Scientific classification
- Kingdom: Plantae
- Clade: Embryophytes
- Clade: Tracheophytes
- Clade: Angiosperms
- Clade: Monocots
- Order: Asparagales
- Family: Orchidaceae
- Subfamily: Cypripedioideae
- Genus: Cypripedium
- Species: C. candidum
- Binomial name: Cypripedium candidum Muhl. ex Willd.
- Synonyms: Calceolus candidus (Muhl. ex Willd.) Nieuwl.

= Cypripedium candidum =

- Genus: Cypripedium
- Species: candidum
- Authority: Muhl. ex Willd.
- Conservation status: VU
- Synonyms: Calceolus candidus (Muhl. ex Willd.) Nieuwl.

Species of orchid

Cypripedium candidum, known as the small white lady's slipper or white lady's slipper, is a small herbaceous plant in the orchid family, Orchidaceae. It is native to eastern North America, with its range centered in the Upper Midwest and a majority of plants occurring in Minnesota. Disjunct populations occur as far south as Arkansas and Alabama.

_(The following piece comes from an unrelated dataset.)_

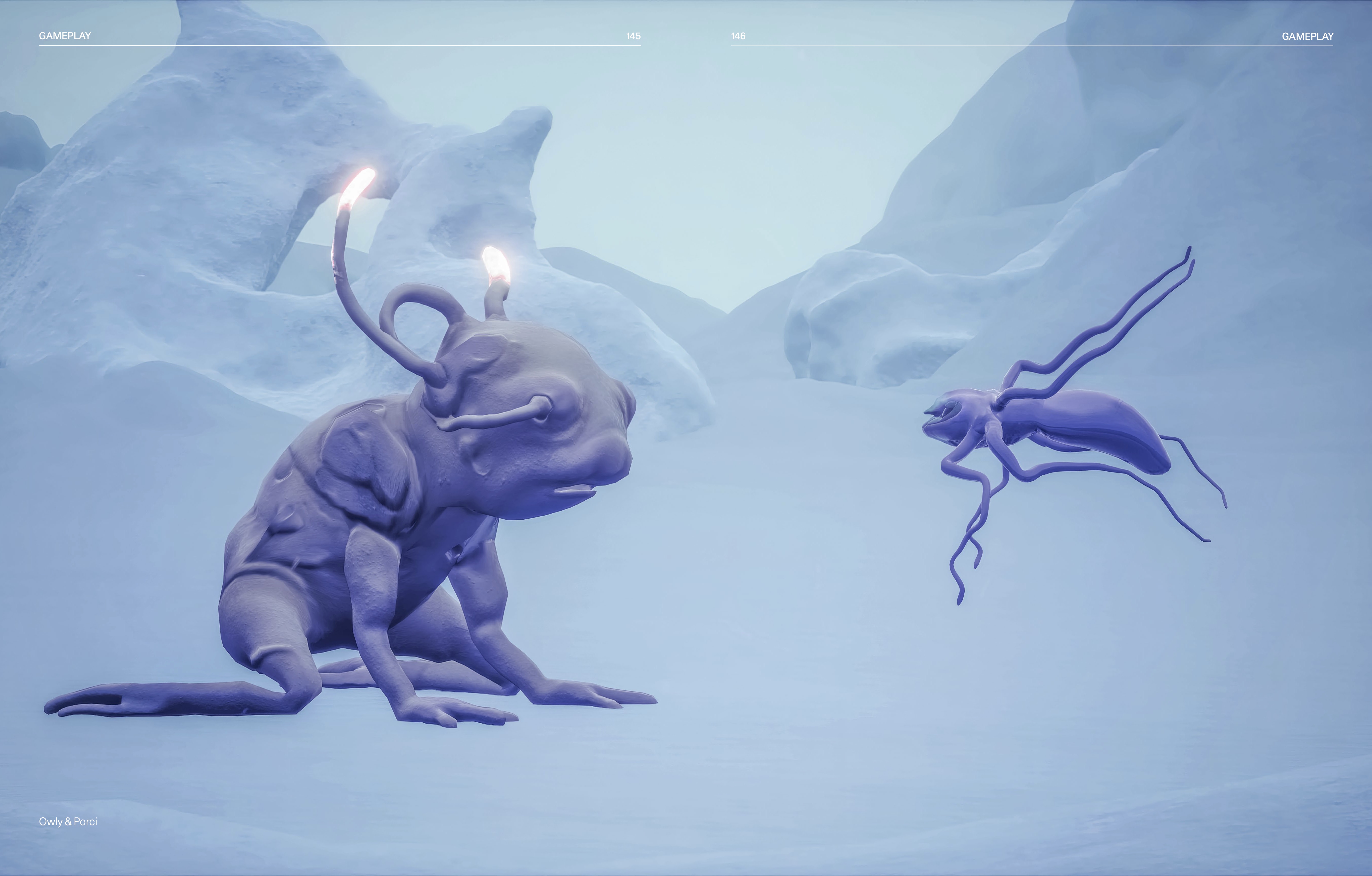 Inspiriert von digitalen Technologien und Szenerien aus Computerspielen schafft die Künstlerin Mary-Audrey Ramirez (geb. 1990 in Luxemburg, Luxemburg; lebt und arbeitet in Berlin) immersive Welten, die aus ihrem eigenen inneren Kosmos stammen. Ihre Installationen erwecken beim Betrachten den Eindruck, sich inmitten von Games zu befinden. Dafür macht sie sich auch das kreative Potenzial künstlicher Intelligenz zunutze. Ramirez sieht dies als Zusammenarbeit von Mensch und Maschine, die sich gegenseitig in ihrem Schaffensprozess unterstützen. Fakten und Fiktionen miteinander zu verbinden sowie die stetige Migration des Digitalen in unsere Welt sind integrale Bestandteile ihrer Praxis. Dabei erscheinen die Arbeiten der Künstlerin wie eine Reise in ihre nächtlichen Träume.

A slow-growing perennial, C. candidum typically grows in full sun in alkaline wetlands and fens, especially on calcareous soils. It requires high-quality habitats with diverse native prairie flora and has declined in many areas because of habitat loss caused by agricultural conversion, woody encroachment, and invasive species. The plant is considered vulnerable across all of its range and is listed as an endangered species in several jurisdictions.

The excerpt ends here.